Upon a farm that is no mare a farm
And in a town that is no more a town. 
The road there, if you'll let a guide direct you
Who only has at heart your getting lost,
May seem as if it should have been a quarry-
Great monolithic knees the former town
Long since gave up pretense of keeping covered.
-Robert Frost Directive

I don't remember anymore where the idea came from... I think I heard something on NPR that made me think about people relying on GPS and not knowing anymore how to read/use maps. So tangentially related to that idea I thought of going on a road trip where I had to take at least three highways and travel about two hours each time to end up... somewhere. Then once there I could look up what was in the area to explore. It would make me explore or learn about some place to which I never would have thought of going. 



Thursday a co-worker asked what we were doing this weekend and we said nothing because we were dog sitting my Mom's dog. He was surprised and responded that we are always going places. So after leaving the bar, when all the best decisions are made, we decided to try out this road trip idea. We already would have Gypsy Rover so we needed dog friendly locations anyway why would one more dog change things. 








One of the greatest things about Nashville is the amount of large interstate highways that circle it. We have so many starting points. This trip we started out by traveling south on I-65 towards Alabama. That would at least get us a good distance to start with. At the Alabama border we stopped to stretch and walk the dogs and see the Saturn 1B rocket that greets visitors to "Sweet Home Alabama."  I've already known about this for awhile and every time I pass by I stop and check it out because it is awesome. The rocket was developed in Huntsville, Alabama and 9 of the 12 rockets were used to support the Apollo and other missions.








As we approached exit 328 I saw a sign that it was Jesse Owens Memorial Parkway. Since we were close to two hours I asked Meg if she wanted to switch highways and she agreed. So we exited and turned right to travel west on the Jesse Owens Memorial Highway, Highway 36, which took us through the town of Hartselle, self titled "The City of Southern Hospitality." We drove through their downtown area which definitely looks like a great spot to walk around and enjoy the different small businesses that lined the road. It is the second largest city in Morgan county and dates its founding back to 1870 when the citizens moved a half mile to its current location so the Alabama Railroad could put a stop there. The town became official in 1873 when a post office was opened and the town was named for George Hartselle, one of the owners of the railroad. 

As I was trying to look up why it is called the "City of Southern Hospitality" I discovered that the town was the location of an infamous and still unsolved bank robbery.
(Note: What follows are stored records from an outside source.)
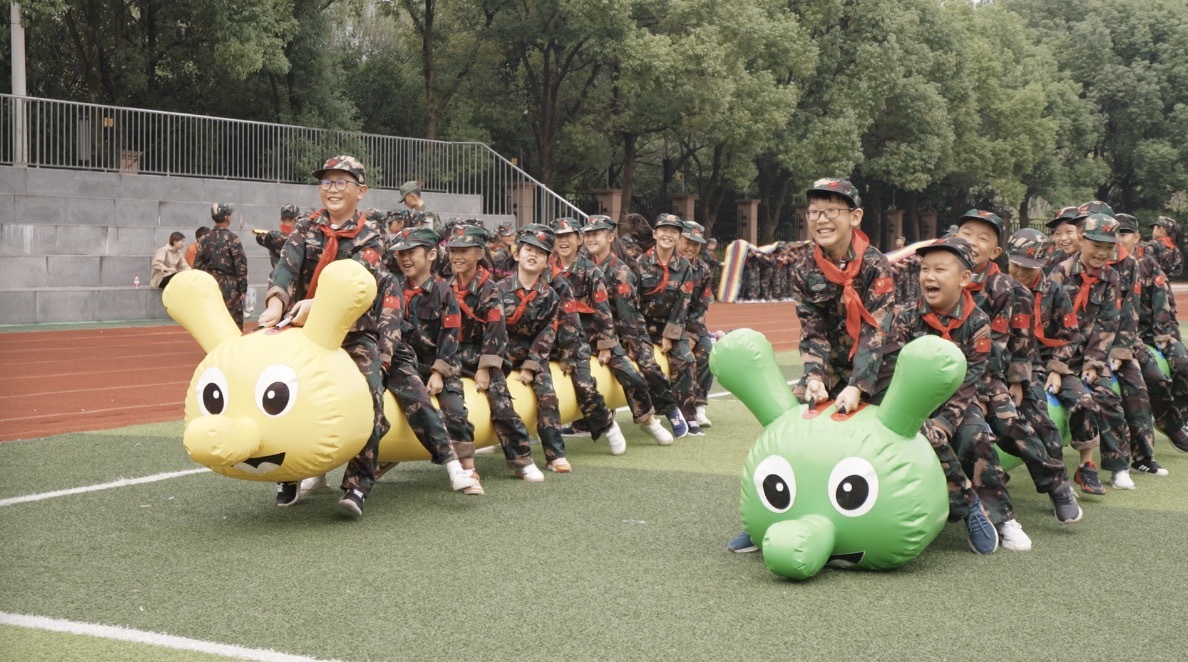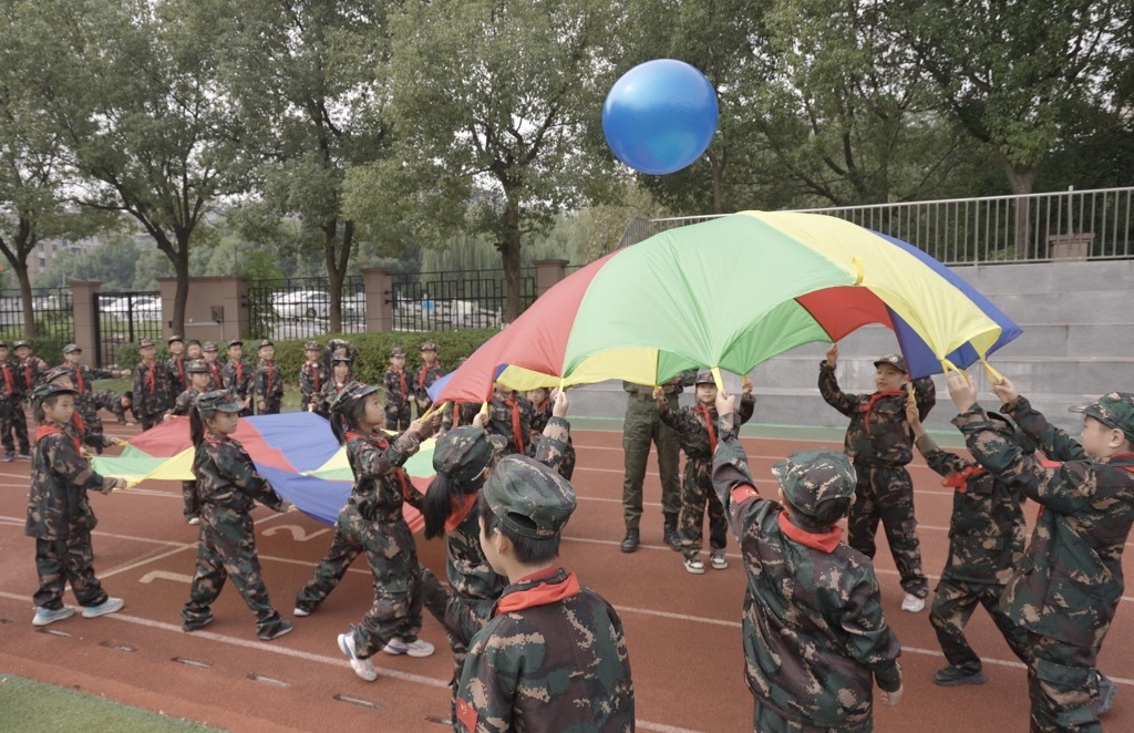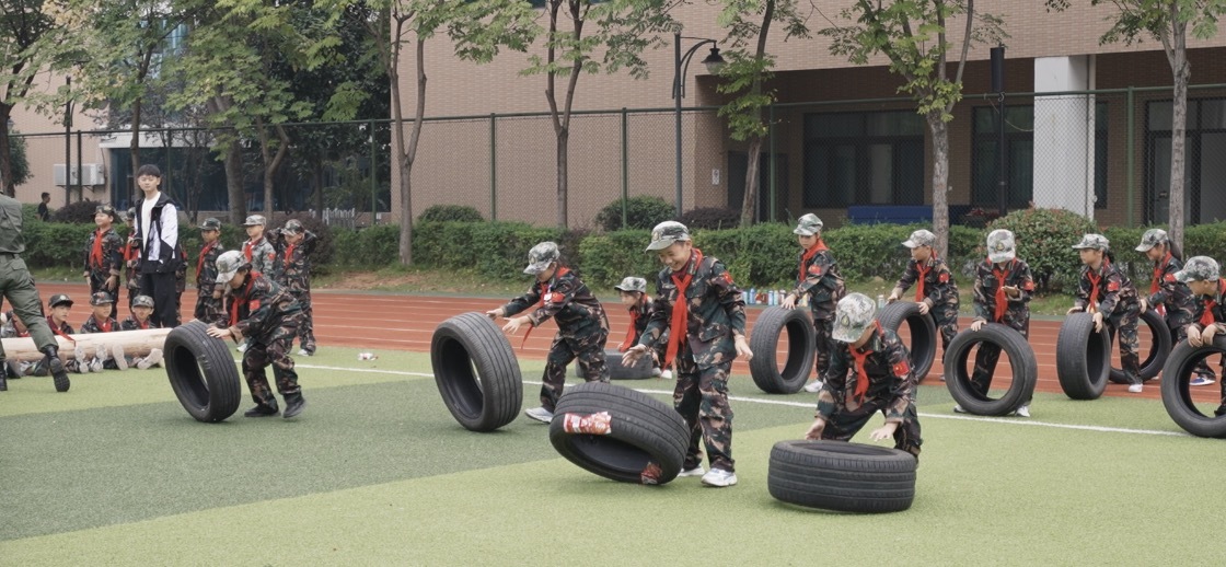 启动仪式结束后,1-3年级的孩子们穿着整齐的迷彩服,在操场整齐排列,在18位教官的带领下展开训练。一年级组进行“合格小小兵”训练,学习站姿、军队纪律等基础内容;二年级组进行“军魂小小兵”训练,体验圆木、轮胎、迷彩网、独木桥、障碍挑战赛等体育竞技项目;三年级组进行“少年百夫长”训练,体验彩虹颠球、毛毛虫竞速、袋鼠跳、合力建塔等团建小游戏。同学们在训练中,喊着整齐的口号、踏着有力的步伐,互相协作,完成挑战。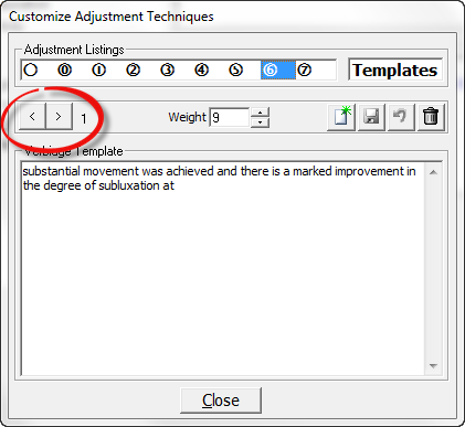 Each Adjustment Result Template is assigned a Weight between 1 and 9. This Weight determines the frequency with which each iteration will be used by ChiroPadEMR. The higher the number, the greater will be the randomization of the verbiage. For example, if there were only 2 Adjustment Result Templates and Template A has a Weight of 1 while Template B has a Weight of 9, for each time Template A appears, Template B will appear 9 times. For the greatest degree of text randomization in the SOAP notes, give every Adjustment Result Template a Weight of 9.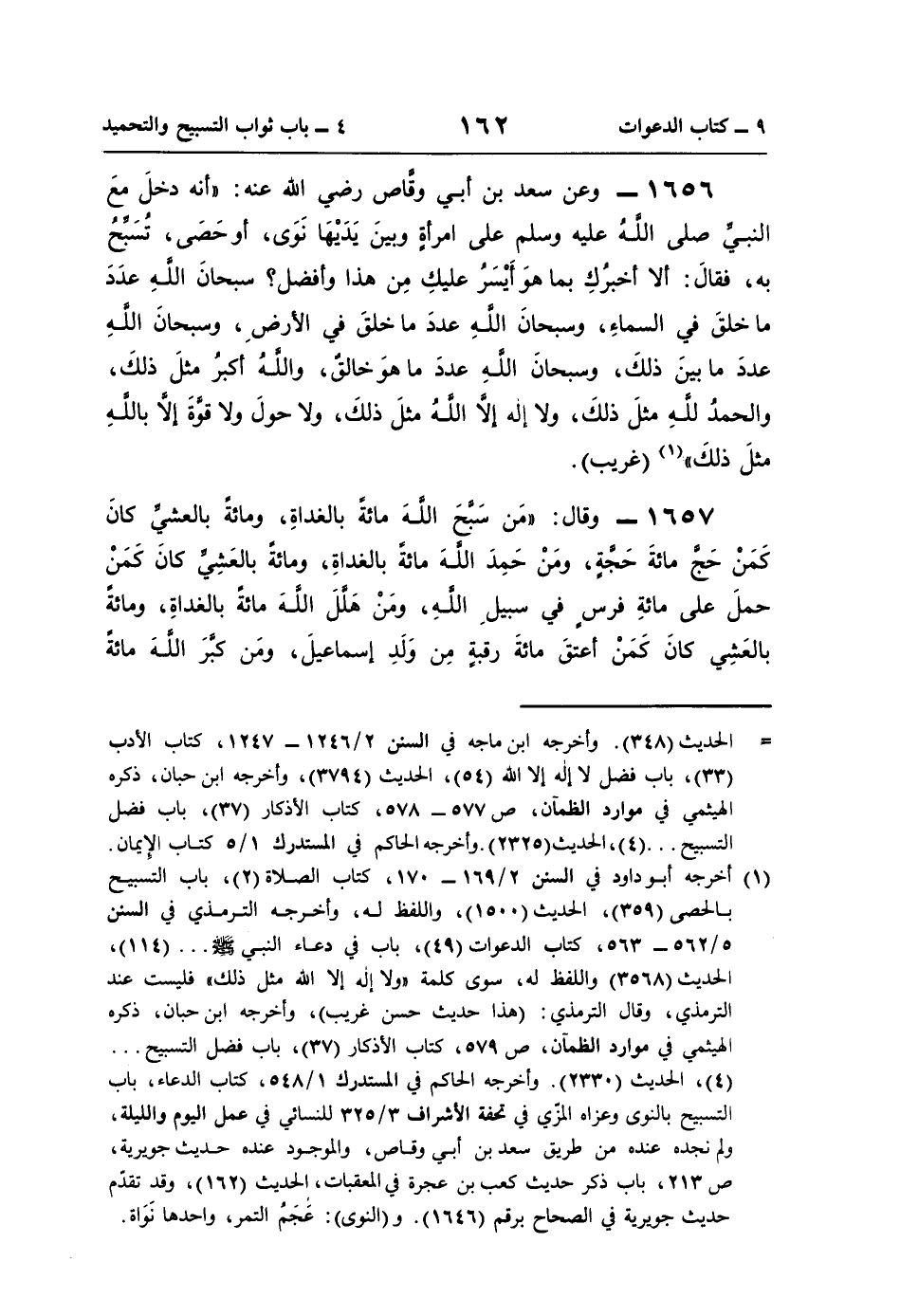 1656 - وعن سعد بن أبي وقَّاص رضي اللَّه عنه: "أنَّه دخلَ معَ النبيِّ صلى اللَّه عليه وسلم على امرأةٍ وبينَ يَدَيْهَا نَوَى، أو حَصَى، تُسَبِّحُ به، فقالَ: ألا أخبرُكِ بما هوَ أَيْسَرُ عليكِ مِن هذا وأفضل؟ سبحانَ اللَّهِ عدَدَ ما خلقَ في السماءِ، وسبحانَ اللَّهِ عددَ ما خلقَ في الأرضِ، وسبحانَ اللَّه عددَ ما بينَ ذلكَ، وسبحانَ اللَّهِ عددَ ما هوَ خالقٌ، واللَّهُ أكبرُ مثلَ ذلكَ، والحمدُ للَّه مثلَ ذلكَ، ولا إله إلَّا اللَّهُ مثلَ ذلكَ، ولا حولَ ولا قوةَ إلَّا باللَّهِ مثلَ ذلكَ" (¬1) (غريب).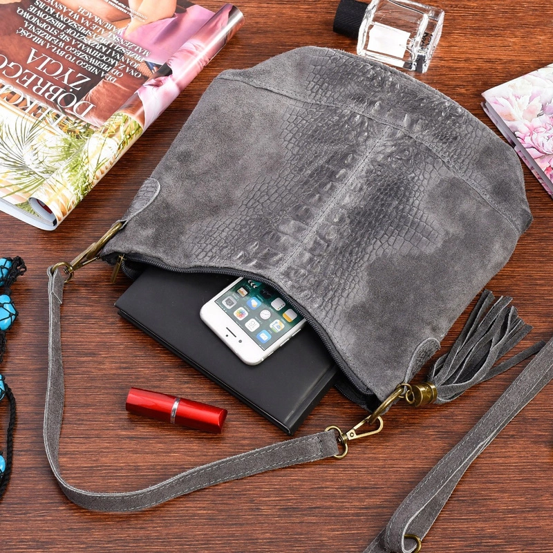 Torebka skórzana zamszowa CROCO listonoszka 2 paski szara Beltimore W13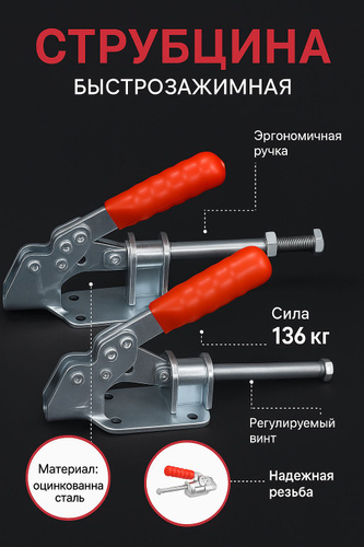Набор струбцин прижимов столярных рычажных горизонтальных - 2 штуки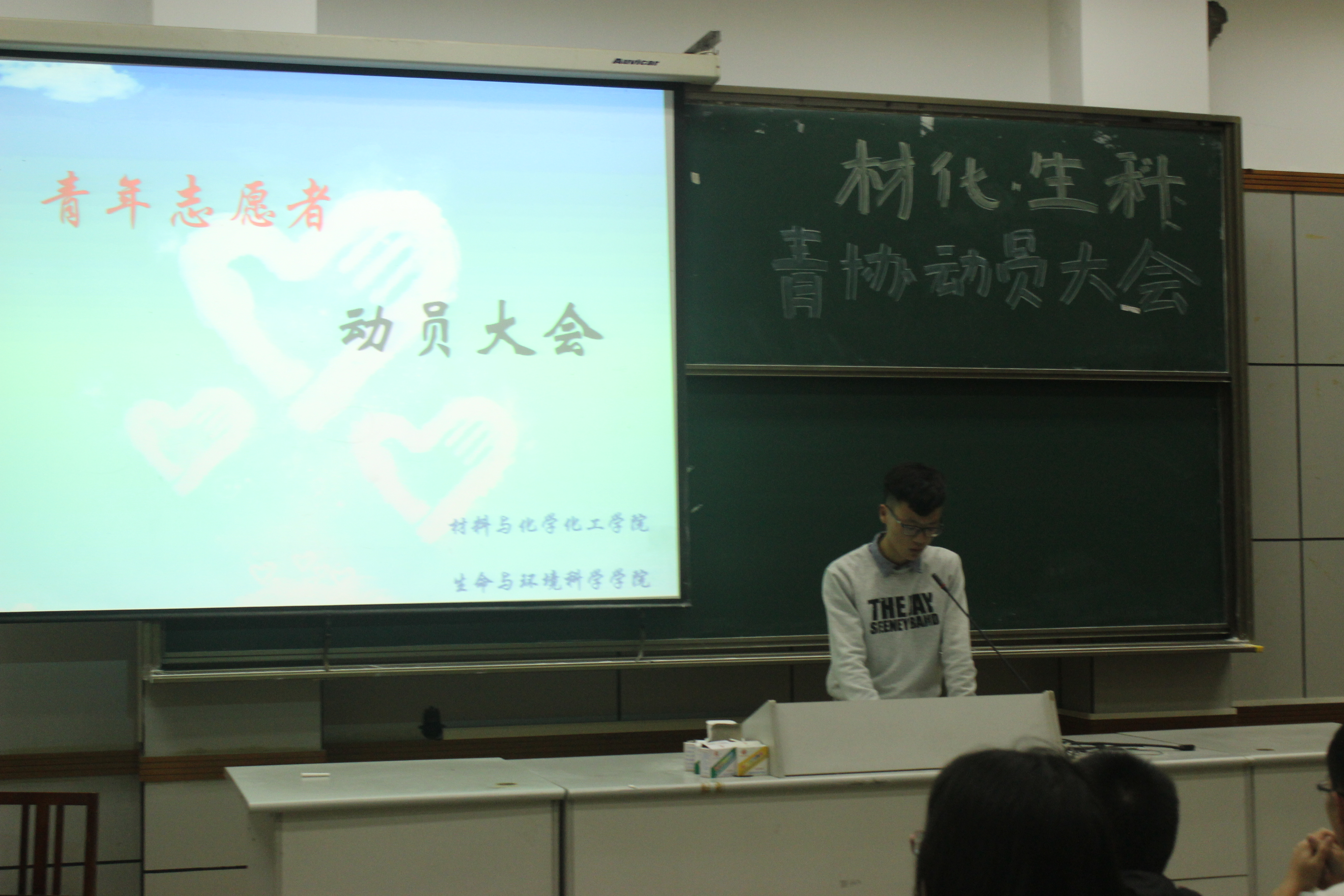 2017年10月27日晚七时,无码影片 及材料与化学化工学院联合主办了青年志愿者动员大会。此次大会旨在加深会员对青协的了解与认识,让更多志愿者共同投身青协志愿服务活动。出席此次活动有材料与化学化工学院社团联合会主席张可,无码影片 青年志愿者协会会长吕棋聪,材料与化学化工学院青年志愿者协会部长王睿。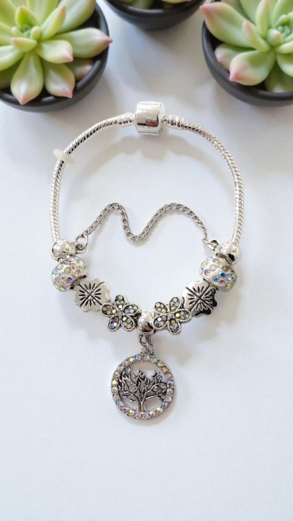 Pulsera estilo "Pandora" con diferentes tipos de charms.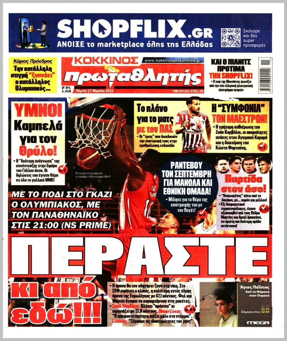 Thursday 17 ΜΑΡΤΙΟΥ 2022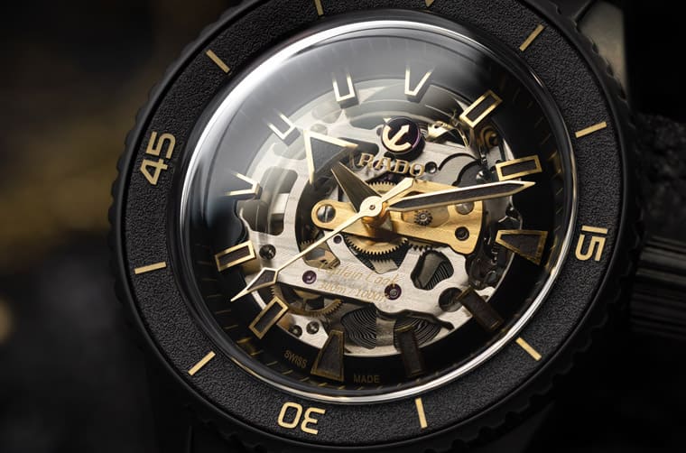 除了全新店面之外,雷達表也因應店面重新開幕精心製作一款Captain Cook庫克船長300米高科技陶瓷鏤空限量錶。其以黑色陶瓷材質打造手錶外觀,陶瓷旋轉錶圈上採用黑色雷射蝕刻的陶瓷襯片,面盤則有Super-LumiNova®夜光塗層呈現出具有時尚浮雕風格,加上大尺寸指針,讓人可以一目了然當前時刻。

On the morning of March 15th (beware the Ides of March), 1926 possibly as many as 15 individuals robbed the bank of over $15,000 in gold and deposits. It was early in the morning when the robbers lined the wall with explosives and cut the town telephone lines to prevent people from calling for help. Several townspeople were taken hostage and one, a local dentist named Dr J.D. Johnston was injured. The whole event took over three hours and, despite the hard work of several different agencies, the robbery was never solved. 

Now for the most part the point of the trip is getting to a new destination so I wanted to keep random stops to a minimum but since we were on the Jesse Owens Memorial Highway I decided to stop at the Jesse Owens Museum and Memorial. James Cleveland "Jesse" Owens was born in Alabama on September 12, 1913, and passed away in Arizona March 31, 1980. As a teenager he began to be noticed for his remarkable abilities in Track and Field; after high school he attended Ohio State University. In 1935 at Ann Arbor Michigan at the Big Ten Championships Owens achieved a feat that has been described by sports reporters as "the greatest 45 minutes ever in sports."  

At 3:15 Jesse ran the 100 yard dash in 9.4 seconds to tie the world record. 
At 3:25 in the long jump Jesse leaped 26-8 1/4 feet setting a world record that lasted for 25 years.
At 3:34 He ran the 220 yard dash in 20.3 seconds setting a new record.
At 4:00 Jesse ran the 220 low hurdles in 22.6 seconds breaking 23 seconds for the first time in the event.

A year later Jesse traveled to Germany to compete in the Olympics in Track and Field. He won the gold in long jump with a final jump of 26-5 1/2 feet, set an Olympic record for the 200 meter dash in 20.7 seconds, was part of the 4x100 relay team that set a world record of 39.8 seconds that would stand for 20 years, and his fourth gold medal was from the 100 meter dash. 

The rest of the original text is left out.